- [TASK STATEMENT]
What is printed must match, line for line, the records from their first line through the line containing "De vrouw weet", with pictures left out.

GIVEN DATA Block Start

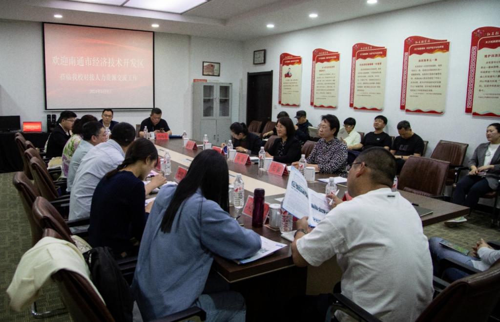会上,陈丽代表学院对翟敬东一行的到来表示欢迎,对市就业和人才服务中心表示感谢,并介绍了学院的办学历史、专业设置、招生就业等基本情况。翟敬东介绍了南通经济开发区的企业概况、用人需求和人才政策等相关情况,并表达了与我院开展政校企合作的意愿。随后,南通天盛新能源股份有限公司、中天科技集团、南通农药化工股份有限公司、精技电工(南通)有限公司分别介绍了各企业的人才需求情况。与会人员就共建政校企合作平台、推动人才联合培养、服务企业发展等内容进行了深入研讨,并达成了合作共识。会后,我院与南通市经济开发区签署了人力资源战略合作协议,为进一步开展合作奠定良好基础。
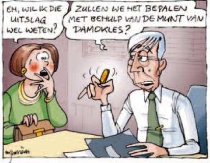 De vrouw weet dus onmiddellijk als alles goed is gegaan, maar als de dokter geen commentaar geeft, kan dat ook komen doordat de munt op ‘Zwijgen’ kwam, en zou het nog goed kunnen aflopen. Als de uitslag goed is, zal ze het ten slotte horen.
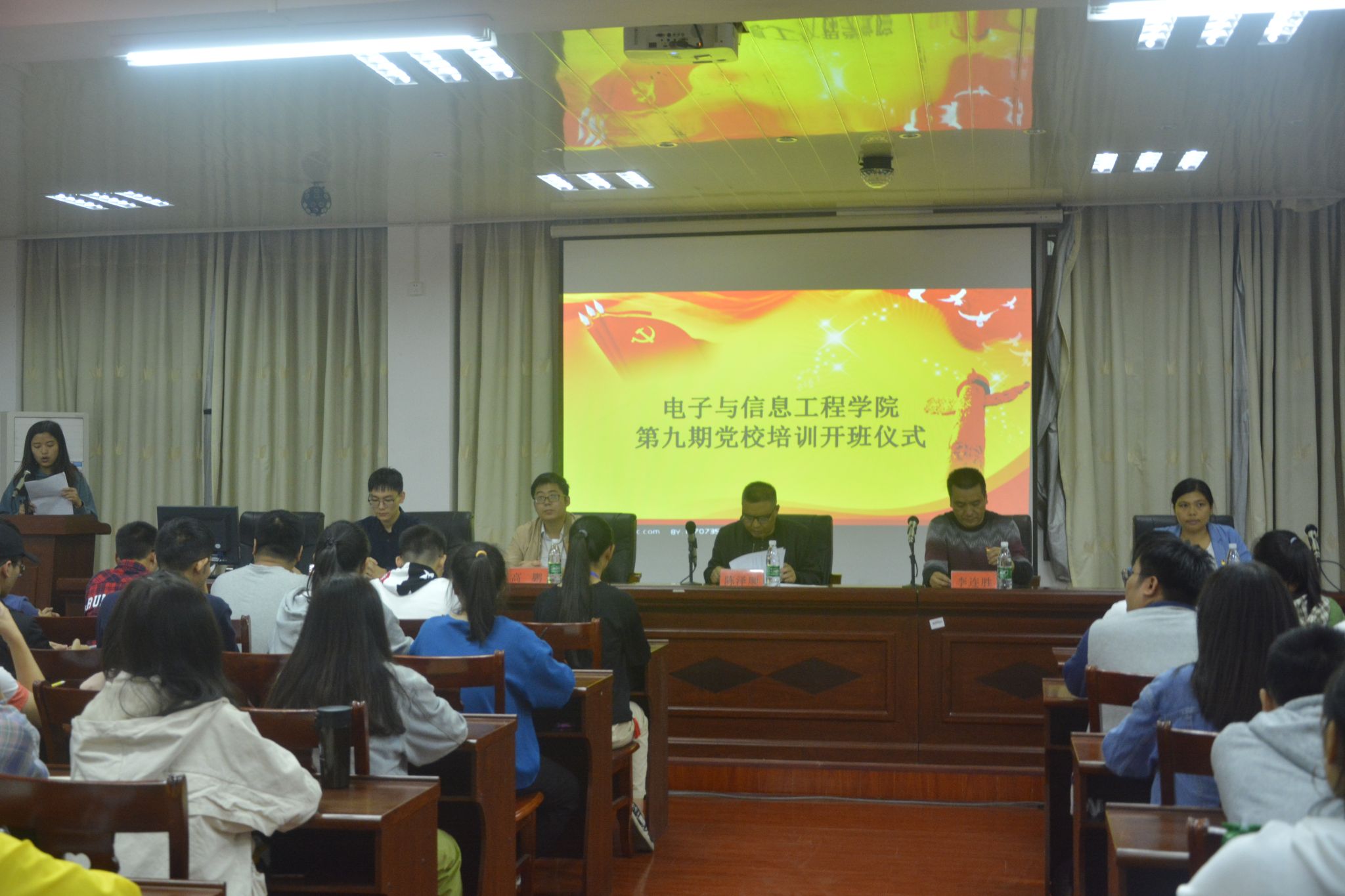 10月8日晚7点,我院于知行楼107举行第九期党校培训开班仪式。参加仪式的有党总支书记陈泽顺、副书记李连胜、高鹏、郭洱鹏和杜丹蕾老师以及66名入党积极分子。
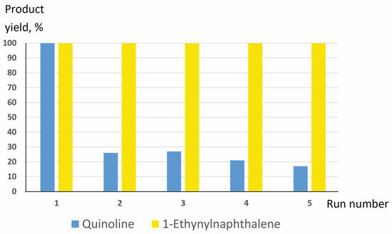 Sample P11 (10 g scale) was stable upon storage in ambient conditions in air for at least 6 months. The reusability of sample P11 (10 g scale) was checked in several repeated experiments on the hydrogenation of quinoline and 1-ethynylnaphthalene. The hydrogenation of these substrates was performed in the conditions as shown in Table 3; then, the catalyst was collected by filtration and used again for repeated hydrogenation. All procedures with the catalyst were carried out in air. The catalyst loss (by weight) was less than 10% in the first step and less than 5% in the consequent steps; the same filter from porous glass was used to minimize the catalyst losses. The quantity of substrate was respectively reduced in order to adjust it to the actual weight of the catalyst after each run. It was found that the yields of 1-ethylnaphthalene were 100% in five runs of hydrogenation (Figure 14). At the same time, the yield of 1,2,3,4-tetrahydroquinoline on the second run decreased to 26%, and then, it gradually decreased to 17% on the fifth run (Figure 14). Such a decrease could be associated with deactivation of the Pd active sites or Pd loss; in any case, this catalyst can find very limited applications for repeated use. On the other hand, it can be noted that the catalytic performance of P11 in the process of alkyne hydrogenation seemed to be “excessively high”, and after five runs, the performance of the catalyst (even if it decreased) was still sufficient to ensure complete hydrogenation of this substrate.
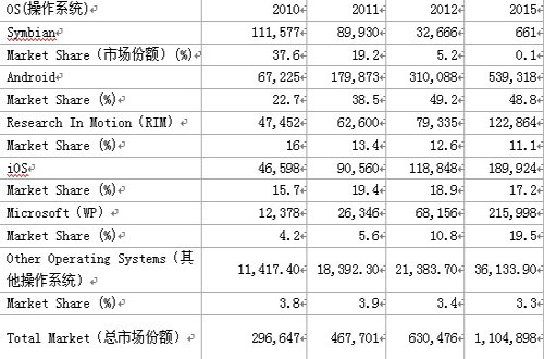 預(yù)計(jì)到2011年底,Android系統(tǒng)將在全球操作系統(tǒng)市場中占據(jù)38.5%的份額,超過Symbian系統(tǒng),預(yù)計(jì)Symbian將達(dá)到19.2%的市場份額。蘋果的iOS系統(tǒng)將在2011年成為第二大受歡迎的操作系統(tǒng),占據(jù)19.4%的市場份額,位列第三位的是 RIM (13.4%),第四位是微軟 WP(5.6%)。
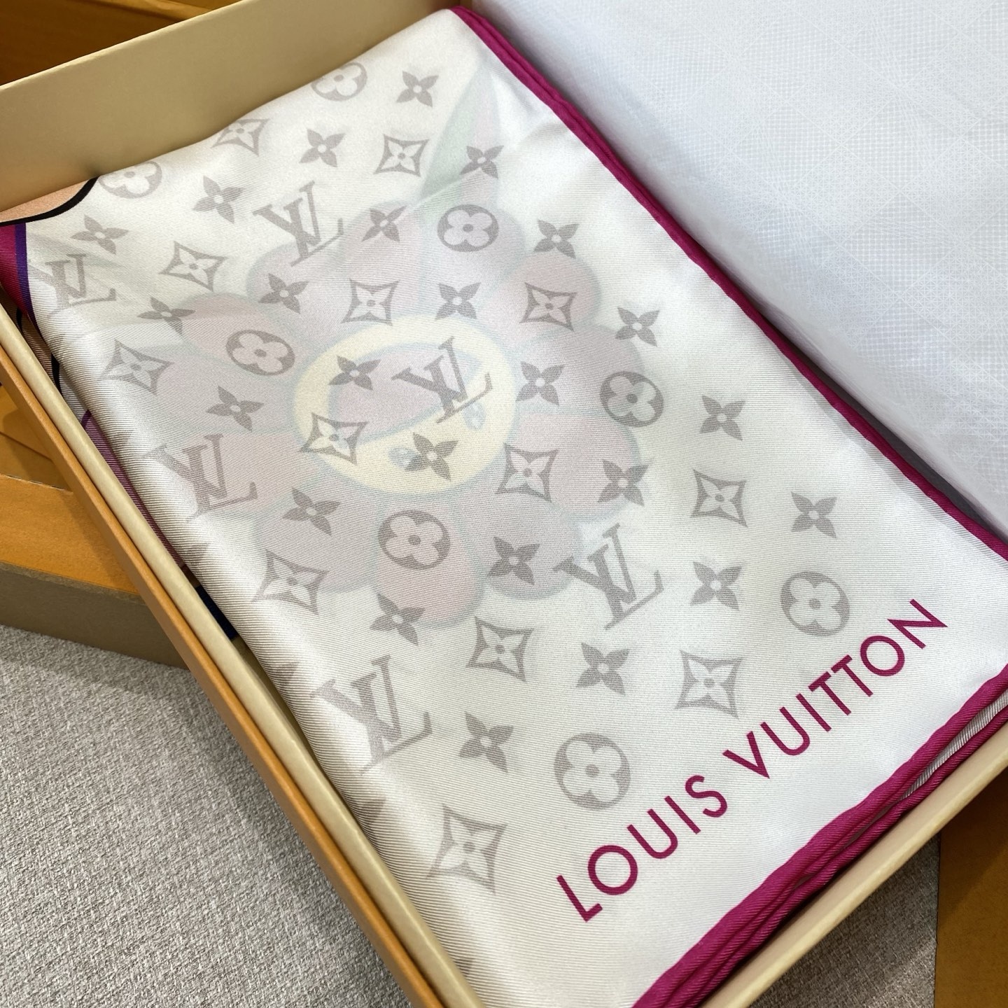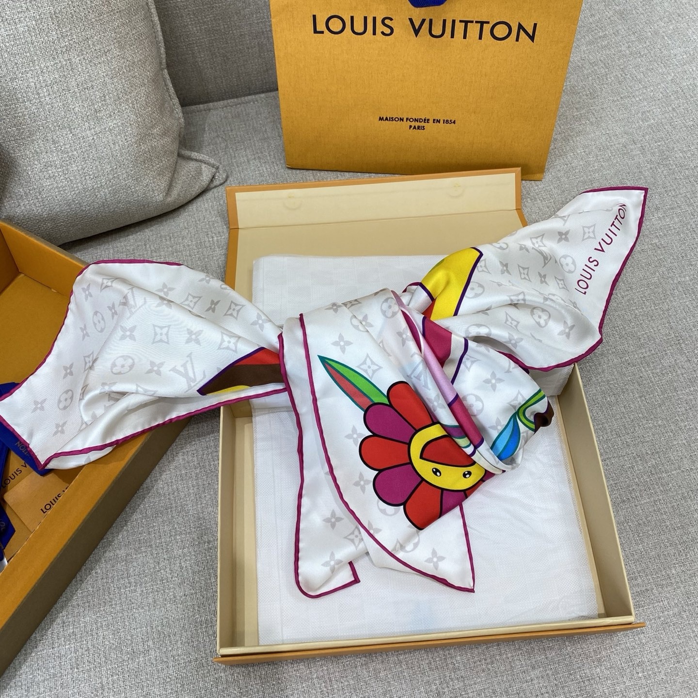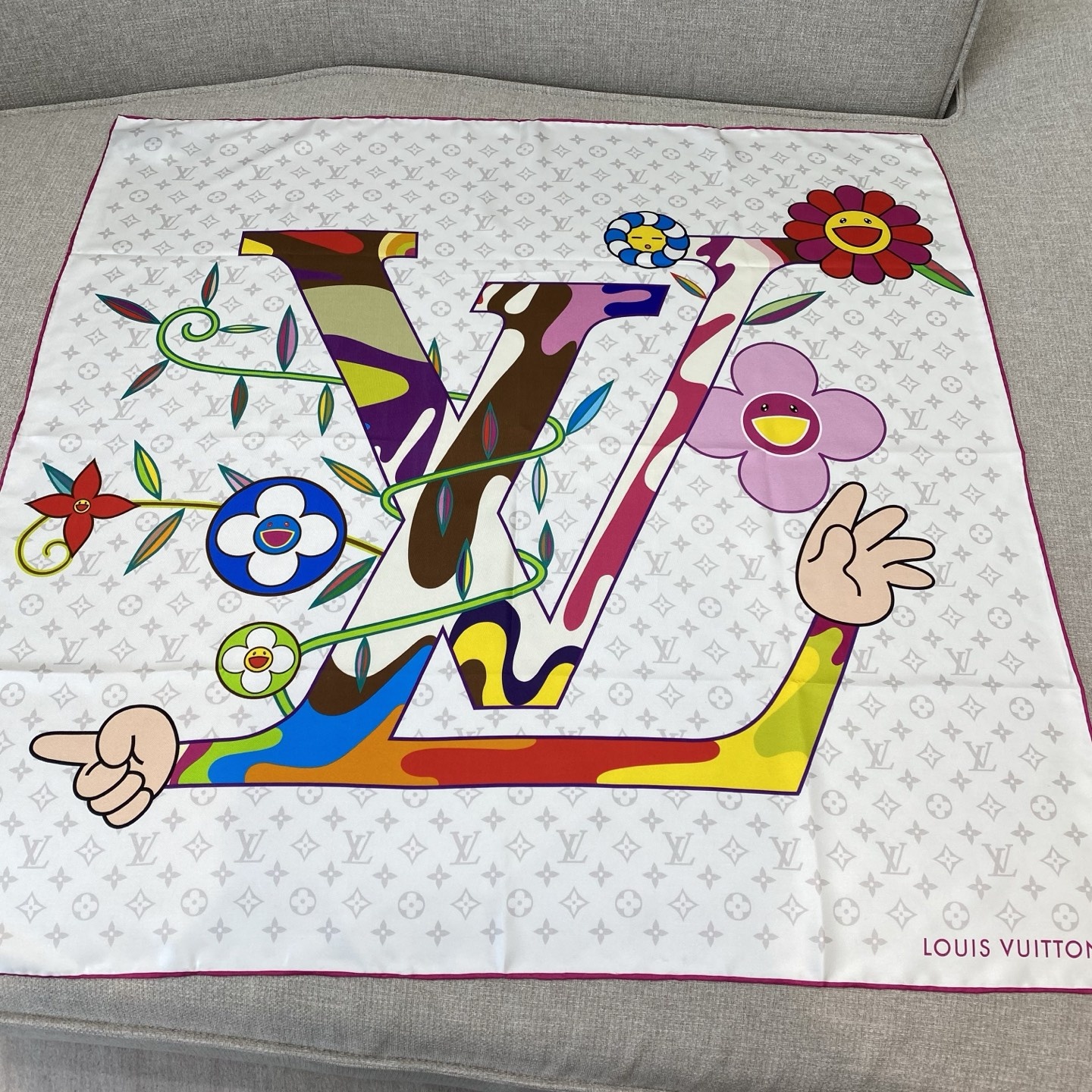 루이비통 X 무라카미다카시 SUPERFLAT 90 스카프 LV xTM Monogram Superflat 뽕나무 실크 스카프 무라카미 타카시와의 콜라보레이션 라인 큰 사이즈의 I Hands 로고 미소의 꽃과 브랜드 요소가 창의적으로 어우러져 아티스트의 아이덴티티를 나타내는 초플랫 스타일을 선보임 소재: 100% 실크 size: 90×90cm
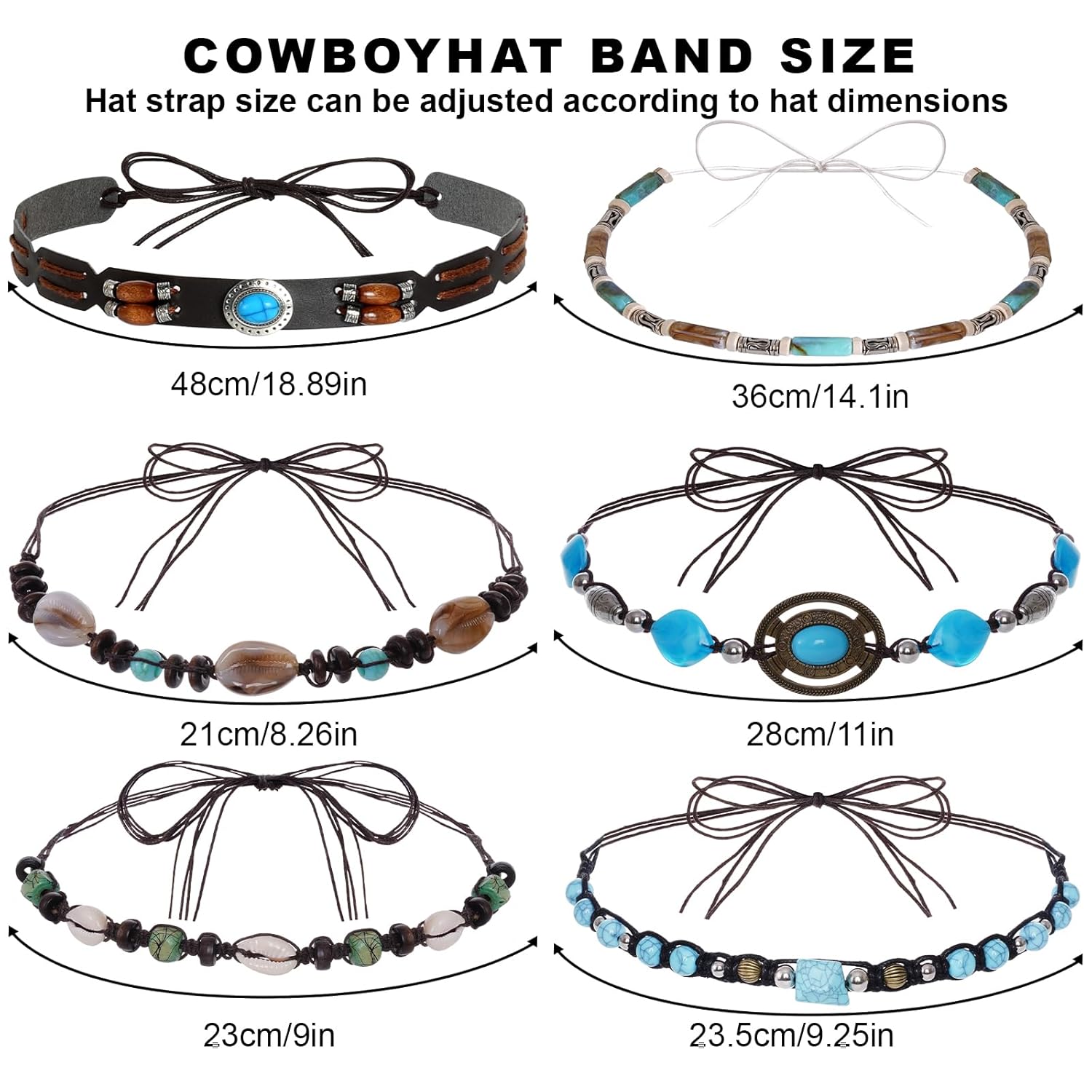 Various Style Designs: 6 Pcs cowboy hat band ethnic western hat belts, stylish to share with family or friends. The rope at the end of cowboy hat belt is easy to adjust to suit most western hats, cowboy hat, cowgirl hat, straw hat, caps
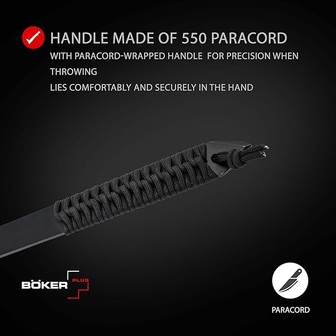 - LIMITED LIFETIME WARRANTY - throwing axe set with 3 full-tang axes - the black Hatchet double axes made of 3Cr13 steel - have an easy-grip paracord handle - with Boker limited lifetime warranty.
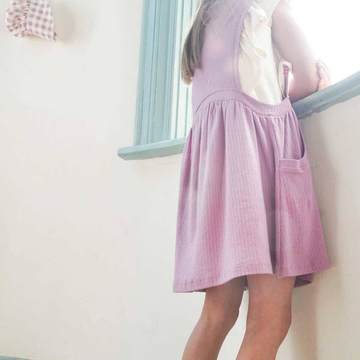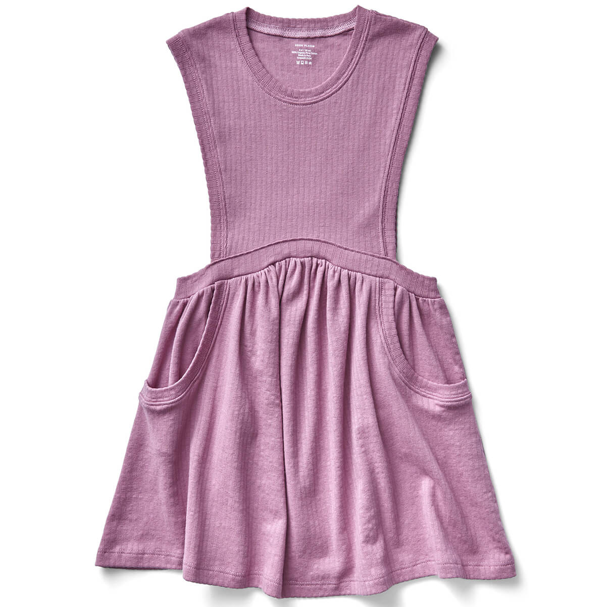 Dunes Dress by Soor Ploom. Pinafore dress in softest organic pima cotton rib and pointelle. Bibbed bodice with open sides and oversized pockets.
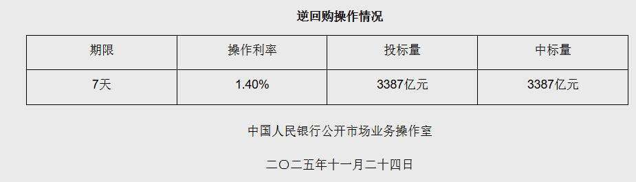 11月24日电 据央止网站新闻,2025年11月24日华夏黎民银止以牢固利率、数目投标体例启铺了3387亿元7天期顺归买操纵。详细环境以下:
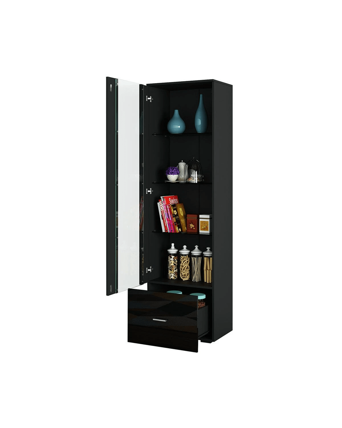 Provide a clear view of your stylish display with this tower cabinet. This black side cabinet will add a definite wow factor to your living room, dining room, bathroom or kitchen. The 190cm height cabinet integrates high glossy front panels for a modern look. The high-strength unit is built from premium particleboard for enhanced durability. It can reliably meet your various needs for a long time. The display cabinet has four shelves behind the door and one drawer at the bottom which enables you to store and organise a wide range of belongings.
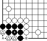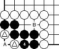 The next type, bent three is shown in Diagram 6-7, where the vital point for both players is at first. Like straight three, if black plays first black lives; if white plays first black dies. Suppose black plays at either A or B, black will be dead with a two-space eye. Hence, white can play the triangle stone in Diagram 6-8, putting black in atari, forcing black to play at A, resulting in Diagram 6-9 (a dead two-space eye).
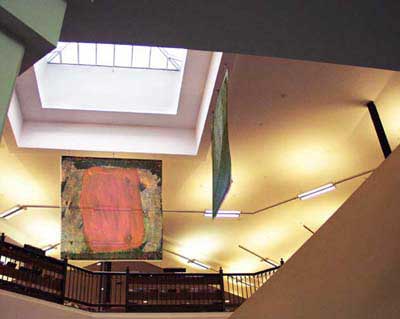 Fine Art Large scale transparent scrims add atmosphere and color to open spaces. In this simulated installation, abstract forms enhance a foyer featuring stairwell and skylight. The transparent hangings help define space and create a strong sense of place while assisting in wayfinding in large, complex public areas.
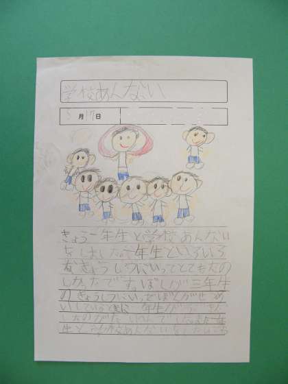 今日、一年生と学校案内をしました。一年生といろいろな教室に行って、とても楽しかったです。ぼくが三年生の教室に行って、ぼくが説明しているときに、一年生が動き出したのが大変でした。

GIVEN DATA Block End

- [REPLY TO THE TASK]
会上,陈丽代表学院对翟敬东一行的到来表示欢迎,对市就业和人才服务中心表示感谢,并介绍了学院的办学历史、专业设置、招生就业等基本情况。翟敬东介绍了南通经济开发区的企业概况、用人需求和人才政策等相关情况,并表达了与我院开展政校企合作的意愿。随后,南通天盛新能源股份有限公司、中天科技集团、南通农药化工股份有限公司、精技电工(南通)有限公司分别介绍了各企业的人才需求情况。与会人员就共建政校企合作平台、推动人才联合培养、服务企业发展等内容进行了深入研讨,并达成了合作共识。会后,我院与南通市经济开发区签署了人力资源战略合作协议,为进一步开展合作奠定良好基础。
 De vrouw weet dus onmiddellijk als alles goed is gegaan, maar als de dokter geen commentaar geeft, kan dat ook komen doordat de munt op ‘Zwijgen’ kwam, en zou het nog goed kunnen aflopen. Als de uitslag goed is, zal ze het ten slotte horen.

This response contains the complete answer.